## PROBLEM REQUIREMENTS
Reproduce the opening lines of the listing below exactly, stopping after the line that contains "最近,出现了一种新的解决方案,它采用纤维层析法高效且可放大地去除细胞、细胞碎片和关键的可溶性污染物。 3M Harvest" and leaving out any pictures.

## RAW DATA
+===+
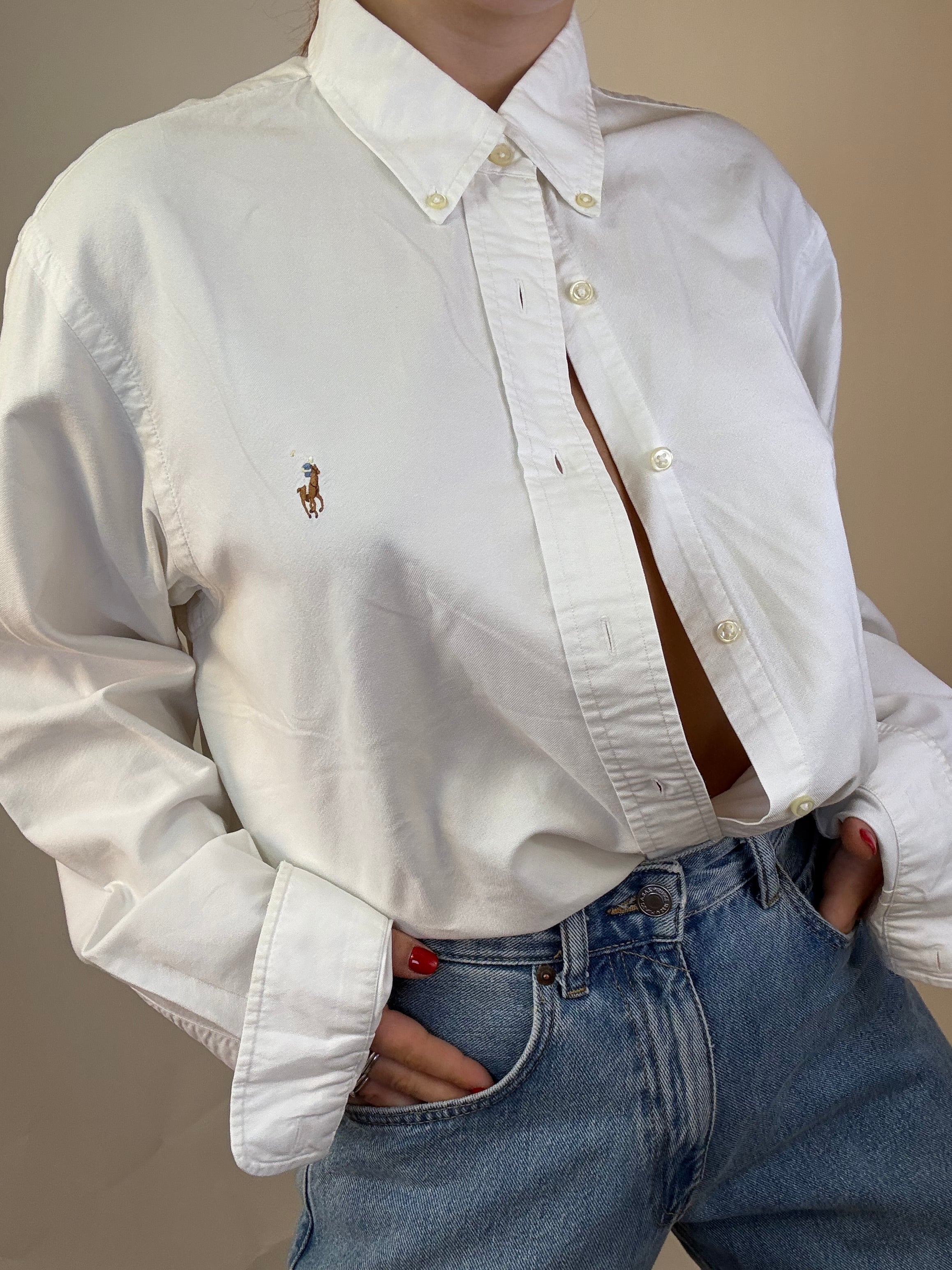 Camicia Ralph Lauren bianca Custom Fit taglia 17-43 in 100% cotone  Spalla a Spalla: 50cm Lunghezza totale: 81cm Taglia Modello\o:  42IT x 1,65cm
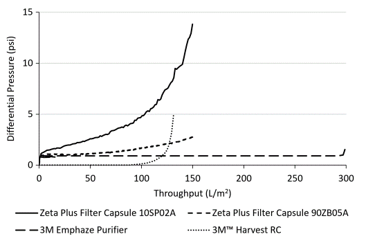最近,出现了一种新的解决方案,它采用纤维层析法高效且可放大地去除细胞、细胞碎片和关键的可溶性污染物。 3M Harvest RC Chromatographic Clarifier是一种单级层析澄清装置 (CCD),由 AEX 季铵 (Q) 配体功能化聚丙烯纤维床和 0.2 um 膜组成。在细胞培养澄清过程中,细胞和细胞碎片静电结合到 AEX 纤维上,从而有效保留大颗粒和小颗粒,而不会形成表面饼层。与离心或传统深层过滤相比,带电纤维介质还能够有效去除与可溶性工艺相关的杂质(即宿主细胞蛋白质和核酸),从而产生更清洁的流出物。 CCD 的推荐工作压差为 ≤5 psi,从而减少细胞剪切和裂解,进一步提高 HCCF 的质量并最大限度地减少二硫化物还原的可能性。此外,与传统的湿法深层过滤介质相比,CCD 的合成 AEX 介质在使用前需要更少的冲洗,从而节省了公用设施和时间。此外,水用作 CCD 冲洗液,因此无需缓冲液制备和相关缓冲液批记录的质量放行。
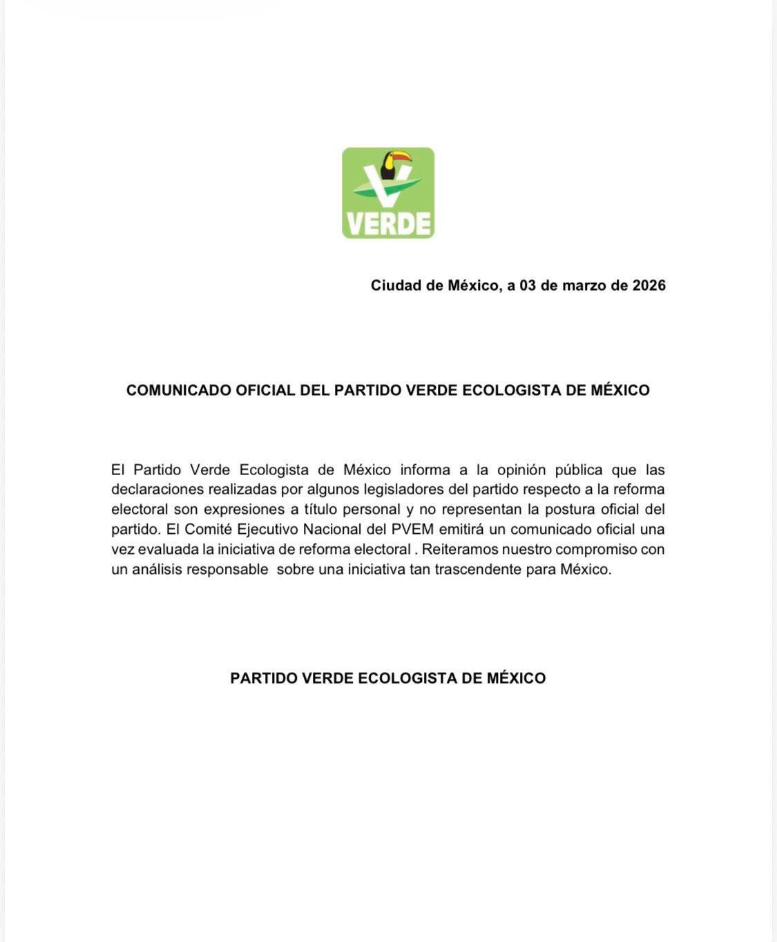 Ciudad de México a 3 de marzo del 2026.- La dirigencia nacional del Partido Verde Ecologista de México (PVEM), sostuvo este martes que “las declaraciones realizadas por algunos legisladores del partido respecto a la reforma electoral son expresiones a título personal y no representan la postura oficial del partido”, esto luego de que el senador, Manuel Velasco, afirmó que el Verde tiene una coincidencia de entre 90 y 95 por ciento con lo planteado como parte de esta reforma.
+===+
## EXPECTED ANSWER
 Camicia Ralph Lauren bianca Custom Fit taglia 17-43 in 100% cotone  Spalla a Spalla: 50cm Lunghezza totale: 81cm Taglia Modello\o:  42IT x 1,65cm
最近,出现了一种新的解决方案,它采用纤维层析法高效且可放大地去除细胞、细胞碎片和关键的可溶性污染物。 3M Harvest RC Chromatographic Clarifier是一种单级层析澄清装置 (CCD),由 AEX 季铵 (Q) 配体功能化聚丙烯纤维床和 0.2 um 膜组成。在细胞培养澄清过程中,细胞和细胞碎片静电结合到 AEX 纤维上,从而有效保留大颗粒和小颗粒,而不会形成表面饼层。与离心或传统深层过滤相比,带电纤维介质还能够有效去除与可溶性工艺相关的杂质(即宿主细胞蛋白质和核酸),从而产生更清洁的流出物。 CCD 的推荐工作压差为 ≤5 psi,从而减少细胞剪切和裂解,进一步提高 HCCF 的质量并最大限度地减少二硫化物还原的可能性。此外,与传统的湿法深层过滤介质相比,CCD 的合成 AEX 介质在使用前需要更少的冲洗,从而节省了公用设施和时间。此外,水用作 CCD 冲洗液,因此无需缓冲液制备和相关缓冲液批记录的质量放行。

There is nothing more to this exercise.